## About this task
Your answer must be the lines from the one containing "ЦДКФФА України ім." through the last line below, copied exactly, with no pictures.

Saved data entries:
****
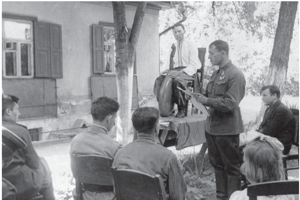
В. М. Сосюра читає власні поезії біля меморіального будинку-музею Т. Г. Шевченка на Пріорці, м. Київ, червень 1944 р.

ЦДКФФА України ім. Г. С. Пшеничного, од. обл. 0-172535.
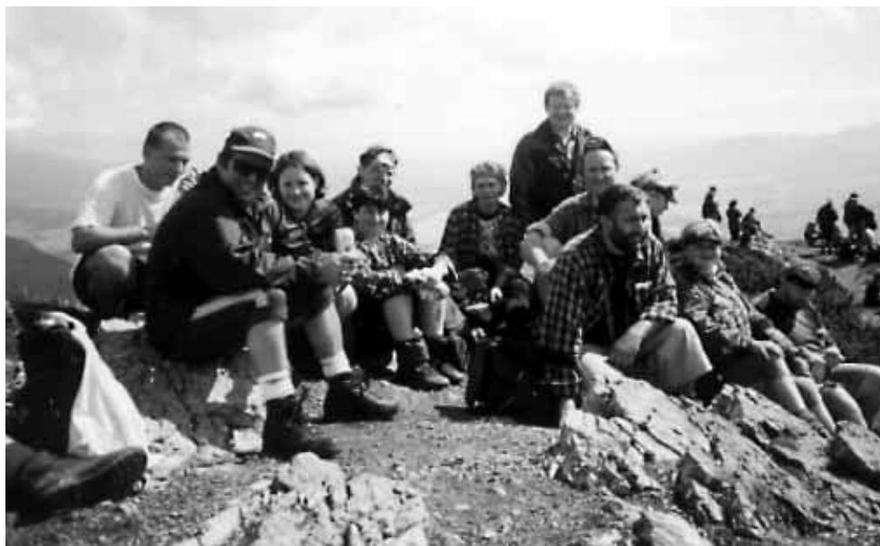
Hukvaldští turisté odpočívají na vrcholu Velkého Choče
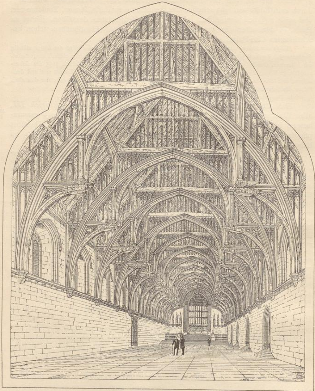
Westminsterhalle zu London 8) .

Diese Kapelle, von Edward I. 1298 begonnen und von Edward III. 1348 vollendet, war ein Werk von außerordentlicher Schönheit 11) , das mit der ungefähr ein Jahrhundert früheren Sainte-Chapelle zu Paris zu vergleichen ist.
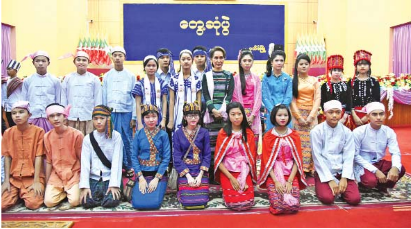
နိုင်ငံတော်၏အတိုင်ပင်ခံပုဂ္ဂိုလ် ဒေါ်အောင်ဆန်းစုကြည် ပုသိမ်မြို့ ဒေသခံပြည်သူများနှင့် တွေ့ဆုံပွဲသို့ တက်ရောက်လာသည့် တိုင်းရင်းသား တိုင်းရင်းသူလေးများနှင့် စုပေါင်းမှတ်တမ်းတင်ဓာတ်ပုံရိုက်စဉ်။

ပြည်သူလူထု၏ ခံစားမှု၊ ပြည်သူလူထု၏ စိုးရိမ်ကြောင့်ကြမှု၊ ပြည်သူလူထု၏ မျှော်လင့်ချက်၊ ပြည်သူများ
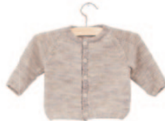
Staf, p. 50
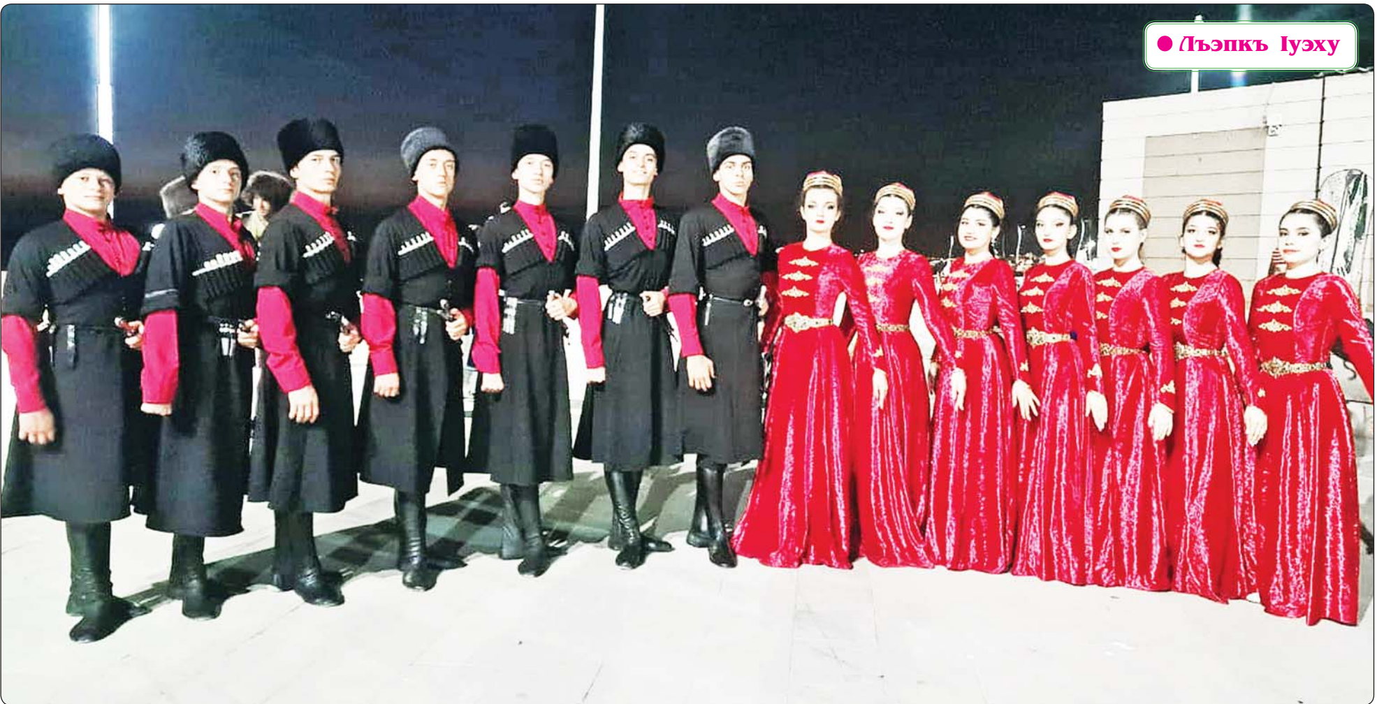
● Лъэпкъ Іуэху
****
## Answer box
ЦДКФФА України ім. Г. С. Пшеничного, од. обл. 0-172535.
Hukvaldští turisté odpočívají na vrcholu Velkého Choče
Westminsterhalle zu London 8) .

Diese Kapelle, von Edward I. 1298 begonnen und von Edward III. 1348 vollendet, war ein Werk von außerordentlicher Schönheit 11) , das mit der ungefähr ein Jahrhundert früheren Sainte-Chapelle zu Paris zu vergleichen ist.
နိုင်ငံတော်၏အတိုင်ပင်ခံပုဂ္ဂိုလ် ဒေါ်အောင်ဆန်းစုကြည် ပုသိမ်မြို့ ဒေသခံပြည်သူများနှင့် တွေ့ဆုံပွဲသို့ တက်ရောက်လာသည့် တိုင်းရင်းသား တိုင်းရင်းသူလေးများနှင့် စုပေါင်းမှတ်တမ်းတင်ဓာတ်ပုံရိုက်စဉ်။

ပြည်သူလူထု၏ ခံစားမှု၊ ပြည်သူလူထု၏ စိုးရိမ်ကြောင့်ကြမှု၊ ပြည်သူလူထု၏ မျှော်လင့်ချက်၊ ပြည်သူများ
Staf, p. 50
● Лъэпкъ Іуэху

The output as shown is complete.